While artificial intelligence (AI) is transforming the automotive industry, dealerships face a crucial challenge: the need for clean, organized data as a prerequisite for AI success.

  • AI's Potential in Dealerships: AI offers significant opportunities for dealerships, including conversational AI on websites, AI-powered service scheduling, and lead communication. AI is also being used in areas like personalized marketing, predicting consumer behavior, inventory management, and enhancing customer support.
  • The Data Problem: The article highlights that most dealership data is messy, inaccurate, and outdated. For instance, it mentions that over 40% of customer records may contain outdated vehicle information, email addresses decay at 2.5% monthly, and customer records often have incorrect addresses. This "dirty data" leads to inefficient marketing, missed sales opportunities, operational inefficiencies, and potential compliance issues.
  • AI Amplifies Bad Data's Impact: The article stresses that AI, trained on poor data, can amplify mistakes and lead to negative customer experiences, according to Informatica. This includes sending irrelevant messages or making inaccurate recommendations.

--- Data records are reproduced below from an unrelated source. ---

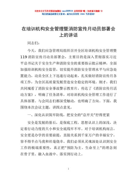 / 在培训机构安全管理暨消防宣传月动员部署会上的讲话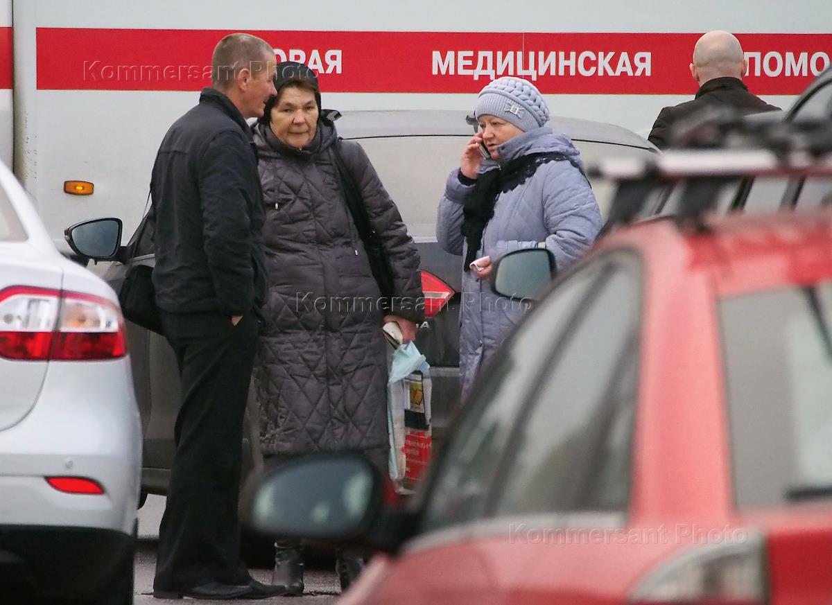 Родственники погибших в авиакатастрофе самолета Airbus-321 авиакомпании "Когалымавиа", выполнявшего рейс 9268 Шарм эш-Шейх — Санкт-Петербург, у крематория ГУП "Ритуальные услуги" Санкт-Петербурга, где будет проводится опознание погибших.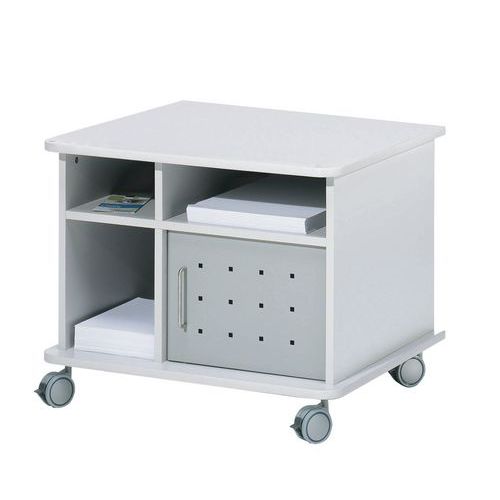 - Vozík na tlačiareň do kancelárie s tromi otvorenými a jednou uzatvárateľnou priehradkou s perforovanými kovovými dvierkami. Nosnosť do 100 kg.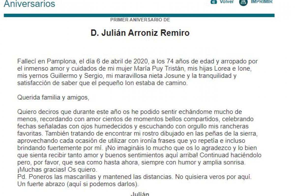 Las medidas de seguridad del coronavirus están más que claras, pero nunca está de más recordarlo. Eso es lo que han debido de pensar los que han dedicado una esquela de aniversario a Julián Arróniz, un hombre que falleció el 6 de abril de 2020 a los 74 años.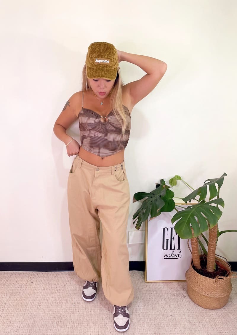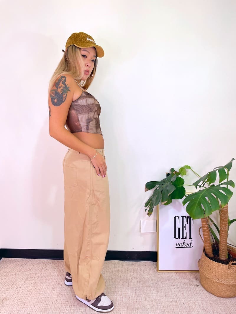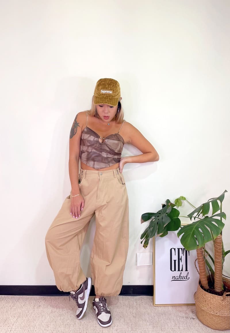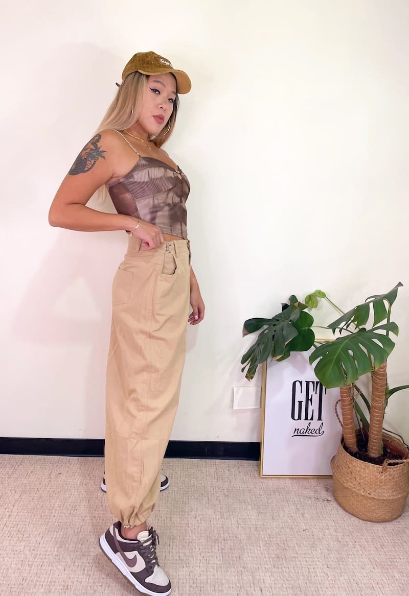 腰圍部分扣緊變高腰褲,不扣變嘻哈寬褲
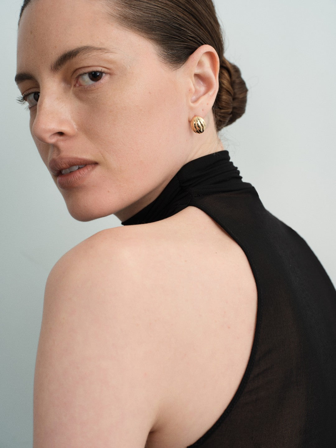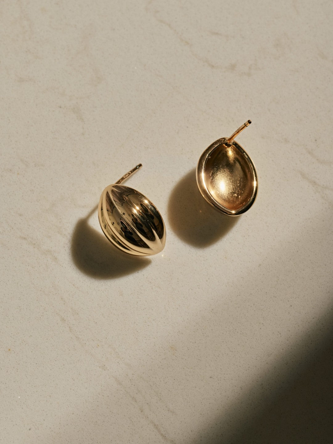 Shell Ellipse Vintage Gold Stud Earrings. Crafted from S925 silver with 18K gold plating, these stud earrings feature a hollow half-ellipse shell shape, offering a lightweight and comfortable wear. The vertical textures on the shell surface add depth and unique character. With a minimalist and modern design, they are subtly eye-catching, perfect for everyday wear or effortless styling with other jewelry pieces.

  • The Solution: AI-Driven Data Hygiene: The article proposes AI as the solution to data hygiene challenges, offering continuous cleaning, enrichment, and validation of data. AI can proactively identify and correct errors, standardize data formats, verify contact information in real-time, and unify fragmented customer identities into single, cohesive profiles.
  • Benefits of Clean Data & AI: Investing in clean data and AI-driven data hygiene leads to improved accuracy of AI predictions and decisions, increased efficiency in AI operations, better customer insights, reduced risk of bias, cost savings from fewer errors, and enhanced compliance.
  • Challenges and the Path Forward: While AI offers immense potential, dealerships face challenges like data quality and integration, customer privacy and data security, employee training and resistance to change, and the need for significant initial investment, notes the Virginia Automobile Dealers Association. To overcome these challenges, dealerships must prioritize building a strong data foundation, training their teams, partnering with AI experts, and finding the right balance between AI innovation and human interaction.

Clean and organized data is the foundational secret weapon that will enable car dealerships to harness the full potential of AI and thrive in the future of the automotive industry.